Type I. Abnormal Resistance Index
Once the waveforms are obtained and measured, the results are plotted on graphs to determine if blood flow during diastole is normal or abnormal. If the Resistance Index increases to a value above the upper range of normal, this identifies a fetus at risk or who may be undergrown (too small). To determine the Resistance Index the peak of systole (Sys Meas) is divided by the sum of the systolic (Sys Meas) and diastolic measurements (Dias Meas). A value greater than 0.58 is considered to be abnormal. One of the problems with this measurement is a higher false-positive rate than if one uses the presence or absence of notching (see below). For this reason, Dr. DeVore prefers using the presence or absence of a "notch" to determine if the waveform is normal or abnormal.

The resistance index is measured to determine if it is abnormally high. In this example the low diastolic flow results in an abnormal Resistance Index.

Type II. Mild Notching of the Uterine Artery
This is a more serious form than Type I because there is a "notch" at the beginning of diastole. The notch is the result of an increase in resistance to blood flowing into the placenta. The reason for this is because the blood vessels in the placenta are not enlarging or dilating as they should. When this occurs, notching is present in the Doppler waveform. However, as in this example, blood flow at the end of diastole appears to be normal, thus giving a normal Resistance Index. The presence of a notch, even with a normal Resistance Index, places the patient at high-risk for adverse fetal outcome.

This illustrates NOTCHING with a normal Resistance Index. The presence of a notch places the patient at high-risk for adverse pregnancy outcome.

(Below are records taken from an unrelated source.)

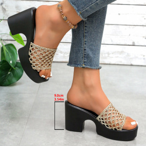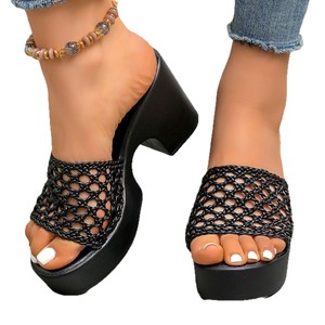 夏の新型の厚い底の透かし彫りのハイヒールのサンダル2025女性の大きいサイズの越境の露指の気質の1字のスリッパ43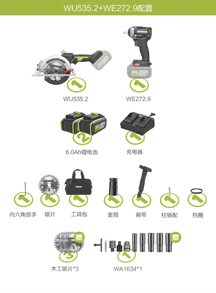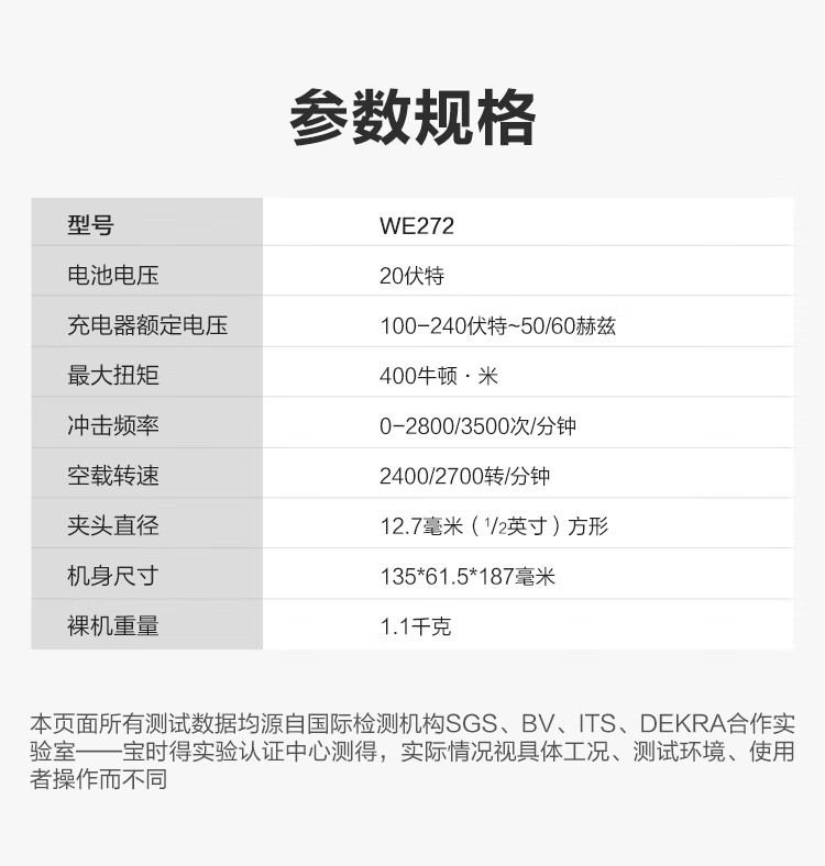 | Modelo | [4.0ah single power] Impact wrench we272, [4.0ah Double power] Impact wrench we272, [5.0ah single power] Impact wrench we272, [5.0ah Double power] Impact wrench we272.1, [6.0ah single power] Impact wrench we272, [5.0ah Double Power trigger saw] wu535 + we272.9, [5.0 Double Power trigger saw] wu535x + we272.9, [4.0ah Double Power trigger molino] we272 + wu806.9, [sin máquina desnuda batería del cargador] we272.9, [4.0ah sierra eléctrica doble] we272 + wu535.9, [4.0 sierra eléctrica doble] we272 + wu535x.9 |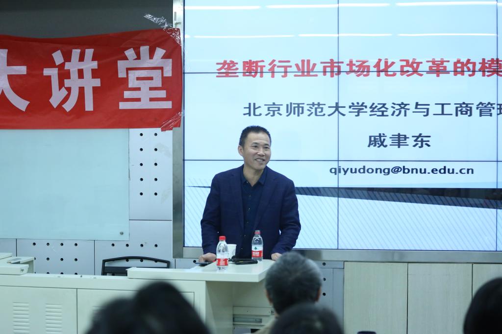在报告中,戚聿东教授突出提出在全面深化改革的新时代,垄断行业改革是经济改革的主战场,也是深化改革的重点焦点难点领域。而深化垄断行业改革的首项任务是对垄断行业进行竞争化改造。实践中体现为始自“网运分离”模式,终于“网运一体”的综合运营商模式。并强调垄断行业作为国有企业的集中领域,其改革时序路径的选择至关重要性。报告现场,40余名经管学院的老师和同学,在认真学习报告后,提出了许多相关的有趣问题,嘉宾与听众间互动气氛活跃,期待更多的学术交流合作。
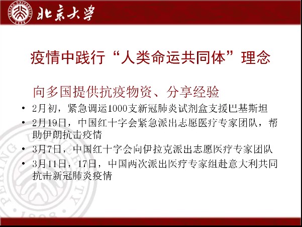构建“人类命运共同体”的意义,既有现实针对性;同时倡导求同存异,共谋发展,反对孤立静止看问题,突破了非此即彼、二元对立的思维模式,具有科学的方法论支撑。在本次新冠肺炎疫情当中,中国力求在“人类命运共同体”的框架下进行对外传播,积极及时地与国际社会分享信息、联手抗疫;更在国内疫情控制获得进展后向多国提供抗疫物资、分梦想经验,如此患难中形成的合作机制,将会在公共卫生领域发挥更大的作用。

Type III. Severe Notching with an Abnormal Resistance Index
When the Resistance Index is abnormal (low-diastolic flow) and a notch is present, this places the patient at the highest risk for adverse pregnancy outcome.

This illustrates NOTCHING with an abnormal Resistance Index. The combination of these two findings places the patient at increased risk for adverse pregnancy outcome.

Benefits of Uterine Artery Surveillance

Recent studies have found that surveillance of high-risk fetuses with abnormal uterine blood flow may decrease morbidity and mortality. The majority of the earlier studies examined the uterine arteries during the second trimester of pregnancy (20-24 weeks) (Medical Literature). However, recent studies have suggested that identification of abnormal Doppler waveforms during the first-trimester and subsequent treatment with low-dose aspirin may be more beneficial than waiting until the second-trimeter to evaluate these vessels . The main problems with abnormal uterine artery blood flow that persists throughout the pregnancy is that there is an increased risk for pre-eclampsia (high blood pressure, protein in the urine) during the late second and third trimesters of pregnancy. When this occurs, the only treatment is delivery. In addition, fetuses of mothers who have an abnormal uterine artery Doppler waveform have an increased risk for abnormal fetal growth resulting in an undergrown, or small fetus with all of its consequences. For this reason, Dr. DeVore recommends initiation of low-dose aspirin therapy (81 mg/day) when unilateral or bilateral notching is identified during the first-trimester of pregnancy. He then re-evaluates these vessels during the second-trimester. If the notching persists, the aspirin is continued until 32 weeks of gestation.